Post-surgical hypoparathyroidism may be transient, resolving within three to six weeks. Because it may be transient, calcium and vitamin D supplements are usually tapered slowly three to six weeks after surgery. Patients with a recurrence of hypocalcemia during the taper are more likely to have permanent hypoparathyroidism and require sustained oral supplementation. These patients also require monitoring of urinary calcium, serum calcium and serum phosphate weekly initially until a stable serum calcium concentration (at the low end of the normal range) is reached. This is followed by monitoring the levels at three- to six-month intervals. Subcutaneous administration of PTH 1-34 (teriparatide) and rhPTH 1-84 is effective in reducing the doses of oral calcium and vitamin D supplementation in patients with hypoparathyroidism.
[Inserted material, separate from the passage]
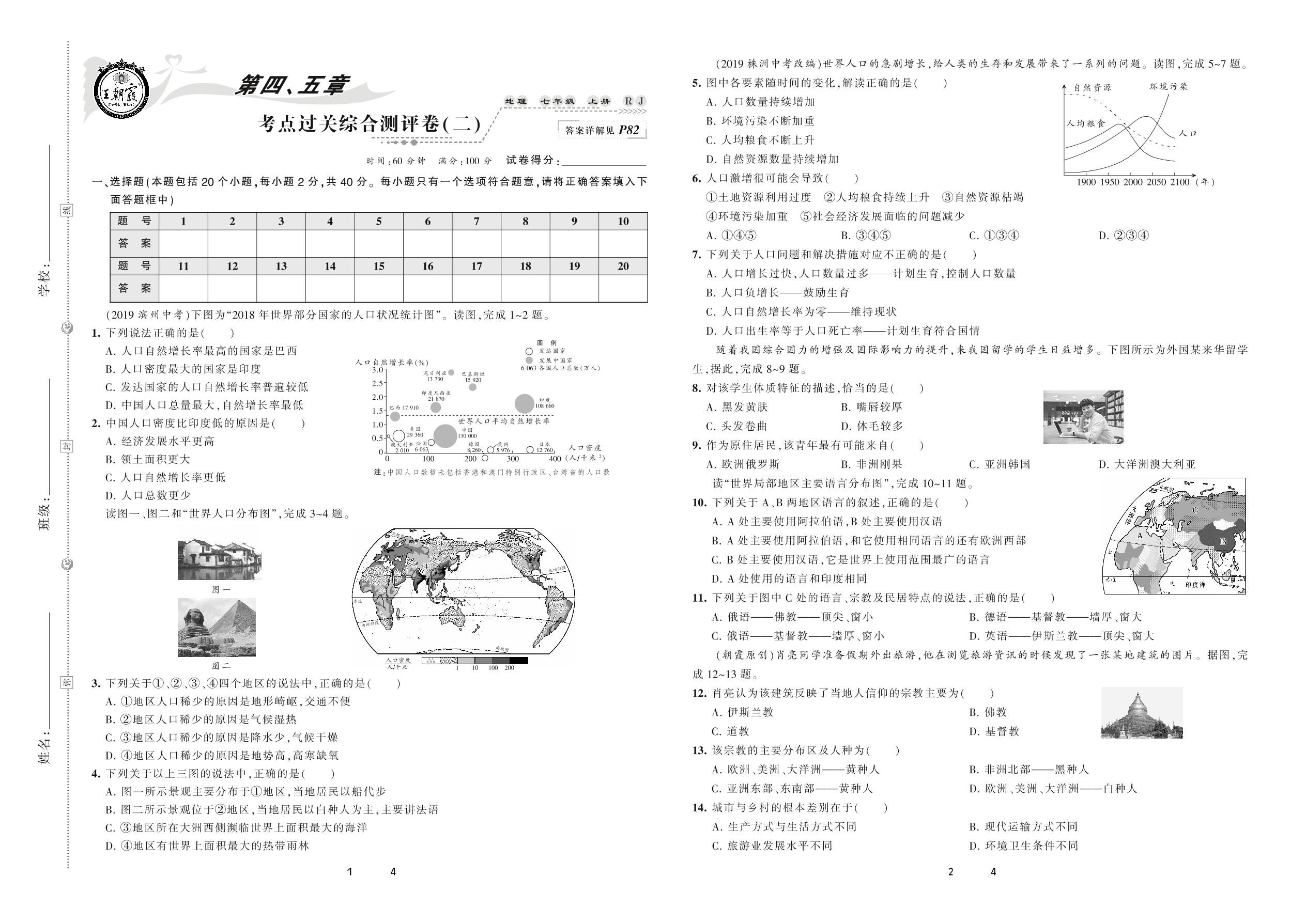 2020上册七年级地理人教版 第四、五章 考点过关综合测评卷(二)

Our patient had a history of extensive neck surgery and radiation therapy due to laryngeal cancer in the distant past. During index hospitalization, he was found to have severe hypocalcemia with no classic signs or symptoms of hypocalcemia. He was initially given standard treatment (inhaled bronchodilator and steroid) but without significant improvement. After failing treatment for common causes, Endocrinology was consulted who recommended calcium gluconate infusion of 1 mg /kg/hr at 100 mg /hr, calcium carbonate 2000 mg PO Q8HR, low phosphate diet, to keep Ca > 7, ionized Ca > 5.5 and teriparatide SQ on discharge. Subsequently, his symptoms improved dramatically with liberation from the mechanical ventilator. Our patient also had vitamin D deficiency <12.5, which was replaced with a weekly 50,000 unit dose of vitamin D. IV calcium gluconate is usually preferred over calcium chloride due to the risk of skin necrosis if there is an IV infiltration during administration. A study done by Roy et al. has reported hypomagnesemia-induced hypocalcemia mimicking acute COPD exacerbation [8]. Also, Jain et al. have reported hypocalcemia-induced asthma exacerbation [9]. Our patient did not have any history of either asthma or COPD. He has never smoked in his life.

Conclusions

Early recognition of hypocalcemia induced bronchospasm is important in clinical practice to optimize management. Not many cases have been reported on hypocalcemia induced bronchospasm. This case provides an insight into a rare presentation of a common electrolyte disorder in a patient with no previous history of asthma or COPD.